I imagine leaving here
      with negative results and returned lives.
I imagine future trips to France,
      to novels I will write and days spent
beneath a blue and white sun umbrella,
waves washing against the shore like promises.


Literary Notes:

It's the birthday of auto maker Henry Ford, born on a farm near Dearborn, Michigan (1863). He loved tinkering with machines all his life. When he was 13 he took apart a working watch and put it together again as good as new. He did it in secret because his dad didn't want him to pursue mechanical ambitions. In 1903, he started the Ford Motor Co., which became enormously successful. Ford is the father of the Model T. It sold for $850 at first, which would be about $16,500 today. The prices eventually dipped lower than $280, which is about $3,000 today. By 1925, he was producing almost 2 million a year and everybody had to have one.

It's the birthday of economist Thorstein Veblen, (1857). He's best known for his book The Theory of the Leisure Class (1899). In it he introduced the concept of "conspicuous consumption."
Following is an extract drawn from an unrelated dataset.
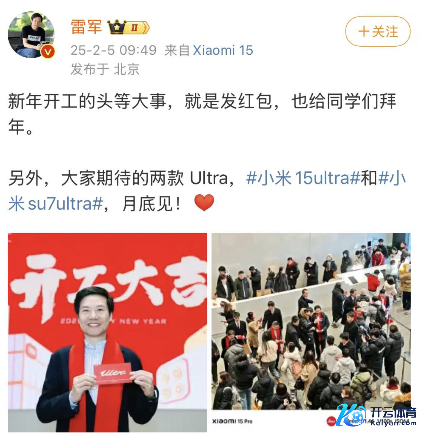 2月5日,春节复工首日,小米集团董事长兼CEO雷军在微博发文称:“新年开工的头等大事,便是发红包,也给同学们贺年。”同期晒出了贺年现场像片。此外,雷军还公布了小米两款Ultra的最新音问:“小米15ultra和小米su7ultra月底见!”同日早些时候,小米生态链总司理陈波在微博发文称:“共事说他抢到了雷总发的开工红包了,照旧个蛇年缅想币。”

It's the birthday of Emily Bronte, born in Thornton, Yorkshire, England (1818). She's the author of Wuthering Heights (1848), a story of love and tragedy set in the moors of Yorkshire. She was the fifth of six talented Bronte children born to parents who seemed to have had no literary genius themselves. Their mother died when Emily was two, and the children were pretty much left to their own devices. Their father was aloof and treated his children as intellectual equals. Other than that, he mostly ignored them. The Bronte children had only each other for playmates. Their house was bounded on two sides by the village graveyard. They became best friends with each other. All the Bronte children were avid readers and storytellers. They made up a mythical land called Gondal, and Emily made it the subject of many of her poems. Emily was shy and reclusive and whenever she left home she got homesick. She joined her three older sisters at a school for clergymen's children when she was six. In 1845, Charlotte found out that Emily had been writing poetry. Charlotte had also been secretly writing verse. So had Anne. They published their joint work the next year. Instead of using their real names, they called it Poems by Currer, Ellis and Acton Bell. That book sold only two copies, but it paved the path for Charlotte's Jane Eyre (1846) and Emily's Wuthering Heights (1847) and Anne's Agnes Grey (1847). Jane Eyre was an instant success, but Emily's book didn't get any attention until after she fell ill and died the next year, at age 30. Charlotte wrote a preface for it explaining why it was better than her own Jane Eyre, and then it became a classic.